Disintegration into regional units would make our assistance very difficult. Each of these would presumably be created by one or more strong personalities. Assuming that they are genuinely anti-Communist, they would at once be facing acute financial problems which would complicate matters within their own areas and help the increasing Communist infiltration. There would be changes in leadership from natural causes and from political machinations. There would be strong temptations to draw upon our willingness to aid and to use this in bargaining with rivals or even with Communists. The resulting economic and other chaos would aggravate the present discontent or despair and inflame anti-American resentment. Meanwhile the Communists would be utilizing all these circumstances to their own advantage. Of course, if disintegration proves unavoidable and if there could be retained a loose federation with a semblance of central authority we might help to some extent through this nominal central Government.

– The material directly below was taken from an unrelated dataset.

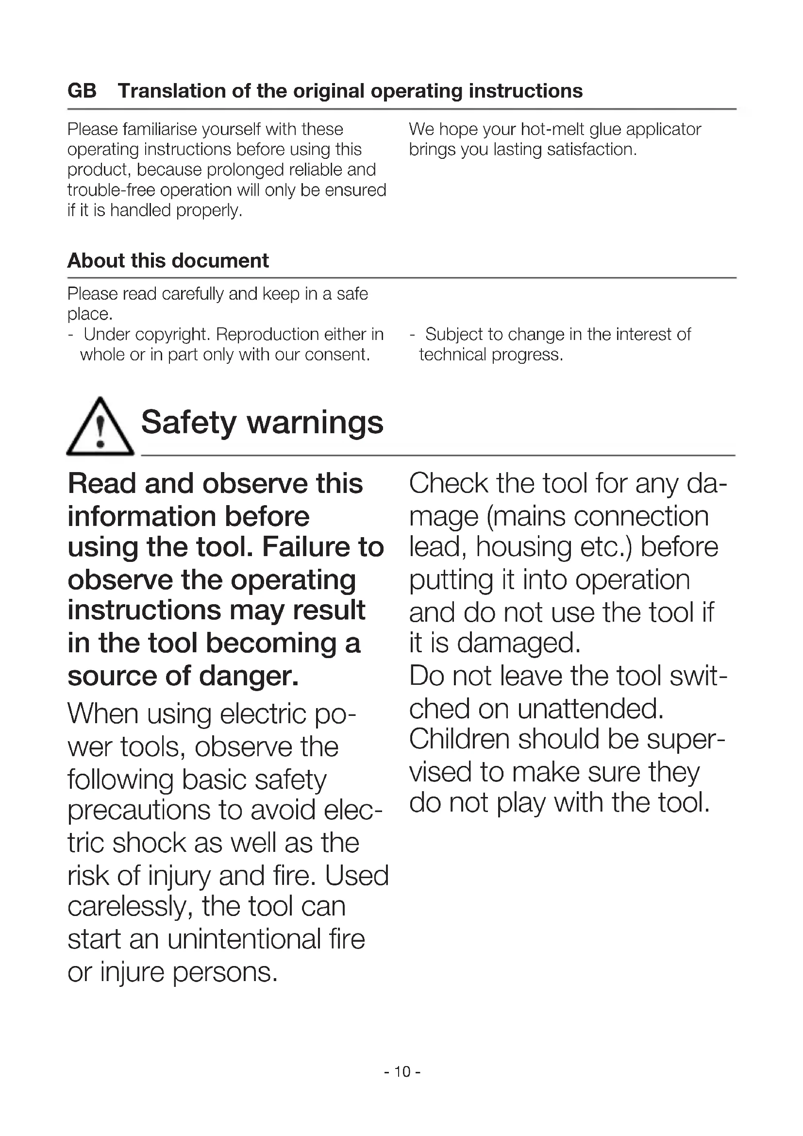 HERSTELLER GARANTIE HERSTELLER GARANTIE- 10 - Read and observe this information before using the tool. Failure to observe the operating instructions may result in the tool becoming a source of danger. When using electric po- wer tools, observe the following basic safety precautions to avoid elec- tric shock as well as the risk of injury and fire. Used carelessly, the tool can start an unintentional fire or injure persons. Check the tool for any da- mage (mains connection lead, housing etc.) before putting it into operation and do not use the tool if it is damaged. Do not leave the tool swit- ched on unattended. Children should be super- vised to make sure they do not play with the tool. Please familiarise yourself with these operating instructions before using this product, because prolonged reliable and trouble-free operation will only be ensured if it is handled properly. We hope your hot-melt glue applicator brings you lasting satisfaction. Translation of the original operating instructions About this document Please read carefully and keep in a safe place. - Under copyright. Reproduction either in whole or in part only with our consent. - Subject to change in the interest of technical progress. Safety warnings GB- 11 -

I believe that if we wish to anticipate this, there would seem to be two alternatives for us:
- (1)
- We could give outright military aid, including advice, to the National Government encouraging a large measure of reform and conditioning further aid upon progress in this. This would involve a much greater intervention in Chinese administrative processes and perhaps very much larger expenditure than would have been necessary before deterioration had reached its present stage. We should be prepared for aroused violent anti-American feelings due to Nationalistic resentment against our interference and its immediate consequences. The Communist issue would be blurred in popular thought and they would, of course, effectively exploit it. Even so, we could probably crush the Communist military strength and secure some sort of settlement, but that would not end our participation.
- (2)
- We could continue to keep the door open for our assistance toward a negotiated peace and in the military reorganization and the economic recovery that should follow. We should condition this upon the [Page 410] maintenance of certain safeguards to democracy, including freedom of speech, publication, elections, et cetera, the avoidance of minority controls, of secret police and of other totalitarian methods. We can dare to believe that the insidious methods of Communism would be largely neutralized by being thus forced out into the open. More positive advocacy of education for citizenship, cultural interchanges and improved economic livelihood would further help to disseminate democratic ideas and in general accentuate the natural Chinese attraction for what we may modestly describe as our American way of life and China would then be spontaneously and intelligently our ally in any ideological or even more serious conflict.
You can readily see from a comparison of these two telegrams that we are in disagreement over the course which should be followed if a serious break occurs in China. We are agreed, however, that even though the moment of crisis is not here, it is quite likely that it is not far off and we should be prepared to meet it. We would all greatly appreciate an expression of the Department’s views in at least general terms on the policy which the United States is likely to follow in the event of a major change. It is, of course, at this particular moment impossible to be precise, but we would appreciate a general indication for our guidance should the situation develop as we see it.